I have a code in which input is a array and out is also the same array.
__global__ kernel_foo( char *chArray)
{
int count = 0;
for(int i=1; i<312; i++) // this loop is replaced by thread index but here for better understanding I use for loop.
{
if(chArray[i]==chArray[i+1])
{
// body here, count is also updated here
switch( count )
{
case 0:
chArray[x] =0;
break;
case 1:
chArray[x+1]=312;
break;
default:
chArray[x+1]=0;
}
}
else
{
chArray[x]=100;chArray[x+1]=150;
}
}
}
My question is :
In this code chArray used in decisions of if also updeted inside its body .When call this kernel I get wrong result.
You aren’t getting the correct result because threads run in non-deterministic order and you are overwriting values in the array. Why not just put the output into a new array, say chArray2? You can ping-pong the use of the array so that you can reduce extra copying. Ex:
Actually count is updated inside switch cases.
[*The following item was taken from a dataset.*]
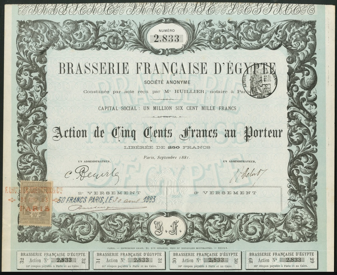 Egypt: Brasserie Francaise d'Egypte S.A., 500 franc share, Paris 1881, #2833 of 3200 issued, ornate border, black, blue underprint, with coupons. Formed in 1873 by Baron Delort de Gléon (1843-1899) who was also a director of the Alexandria Water Company and founder of the Cairo Water Company. Also a director the Land Bank of Egypt. EF and scarce.

In my early given code ,inside swich case 0 and case 1 reinitialize the value of count to 0 and default case it is incremented by 1. And also in else part count is incremented by 1( i have not mentained earlier because i want to show different thing ), and x =i above if condition.
Hi KUNDAN KUMAR
I really interesting with your function.
I read it many time, but I still can not understand clearly
Can you post some thing more easy to understand. like pseudoCode, as detail as possible.
:)